Raymond Smullyan gave a very general formulation in terms of representation systems. They appear in his "Theory of Formal Systems", and in the first and last chapters of "Godel's Incompleteness Theorems". They generalise first- and higher-order systems of logic, type theories, and Post production systems.
A representation system consists of:
A countably infinite set $E$ of expressions.
A subset $S \subseteq E$, the set of sentences.
A subset $T \subseteq S$, the set of provable sentences.
A subset $R \subseteq S$, the set of refutable sentences.
A subset $P \subseteq E$, the set of (unary) predicates.
A function $\Phi : E \times \mathbb{N} \rightarrow E$ such that, whenever $H$ is a predicate, then $\Phi(H,n)$ is a sentence.
The system is complete iff every sentence is either provable or refutable. It is inconsistent iff some sentence is both provable and refutable.
We say a predicate $H$ represents the set $A \subseteq \mathbb{N}$ iff $A = \{ n : \Phi(H,n) \in T \}$.

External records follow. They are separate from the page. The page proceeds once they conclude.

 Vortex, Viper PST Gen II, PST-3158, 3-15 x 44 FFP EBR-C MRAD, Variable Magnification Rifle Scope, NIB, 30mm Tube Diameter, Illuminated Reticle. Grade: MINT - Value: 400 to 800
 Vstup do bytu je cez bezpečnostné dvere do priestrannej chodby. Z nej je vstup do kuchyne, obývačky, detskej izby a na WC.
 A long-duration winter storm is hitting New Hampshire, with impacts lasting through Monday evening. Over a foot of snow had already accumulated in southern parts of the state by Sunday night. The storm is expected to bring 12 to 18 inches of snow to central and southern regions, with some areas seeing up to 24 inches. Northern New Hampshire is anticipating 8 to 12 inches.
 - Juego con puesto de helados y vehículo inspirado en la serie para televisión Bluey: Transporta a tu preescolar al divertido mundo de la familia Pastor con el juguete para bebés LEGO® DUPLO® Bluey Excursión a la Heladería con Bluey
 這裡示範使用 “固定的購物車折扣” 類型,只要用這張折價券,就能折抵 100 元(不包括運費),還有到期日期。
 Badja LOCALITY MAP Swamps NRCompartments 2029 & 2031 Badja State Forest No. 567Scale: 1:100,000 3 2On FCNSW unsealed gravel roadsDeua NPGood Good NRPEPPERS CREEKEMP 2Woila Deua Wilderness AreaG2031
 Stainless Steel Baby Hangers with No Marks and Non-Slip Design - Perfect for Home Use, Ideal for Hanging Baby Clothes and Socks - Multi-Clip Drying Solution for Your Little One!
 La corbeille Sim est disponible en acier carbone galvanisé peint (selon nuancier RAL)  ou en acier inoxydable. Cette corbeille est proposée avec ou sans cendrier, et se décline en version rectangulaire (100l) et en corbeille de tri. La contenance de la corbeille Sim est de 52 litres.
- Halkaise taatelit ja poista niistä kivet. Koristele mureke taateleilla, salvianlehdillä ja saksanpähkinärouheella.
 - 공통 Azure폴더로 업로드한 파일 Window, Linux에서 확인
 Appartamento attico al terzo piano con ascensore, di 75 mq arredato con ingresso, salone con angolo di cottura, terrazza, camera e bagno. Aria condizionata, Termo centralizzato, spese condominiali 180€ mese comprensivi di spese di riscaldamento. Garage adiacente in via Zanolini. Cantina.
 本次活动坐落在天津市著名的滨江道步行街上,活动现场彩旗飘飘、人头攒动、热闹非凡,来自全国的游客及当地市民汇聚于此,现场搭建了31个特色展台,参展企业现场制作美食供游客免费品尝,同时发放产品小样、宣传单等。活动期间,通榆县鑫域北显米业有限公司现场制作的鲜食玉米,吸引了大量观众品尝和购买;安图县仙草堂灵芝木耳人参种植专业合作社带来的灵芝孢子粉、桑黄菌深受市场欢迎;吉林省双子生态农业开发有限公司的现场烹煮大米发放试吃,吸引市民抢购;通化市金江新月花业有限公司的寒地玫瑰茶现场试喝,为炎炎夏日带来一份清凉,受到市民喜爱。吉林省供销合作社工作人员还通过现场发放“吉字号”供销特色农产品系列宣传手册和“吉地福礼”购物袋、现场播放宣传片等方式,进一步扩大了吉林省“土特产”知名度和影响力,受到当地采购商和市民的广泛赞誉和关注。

Let $g$ be a bijection from $E$ to $\mathbb{N}$. We call $g(X)$ the Godel number of $X$.
We write $E_n$ for the expression with Godel number $n$.
Let $\overline{A} = \mathbb{N} \setminus A$ and $Q^* = \{ n : \Phi(E_n,n) \in Q \}$.
We have:
(Generalised Tarski Theorem) The set $\overline{T^*}$ is not representable.
(Generalised Godel Theorem) If $R^*$ is representable, then the system is either inconsistent or incomplete.
(Generalised Rosser Theorem) If some superset of $R^* $ disjoint from $T^*$ is representable, then the system is incomplete.
In case it's not clear: in a first-order system, we can take $P$ to be the set of formulas whose only free variable is $x_1$, and $\Phi(H,n) = [\overline{n}/x_1]H$.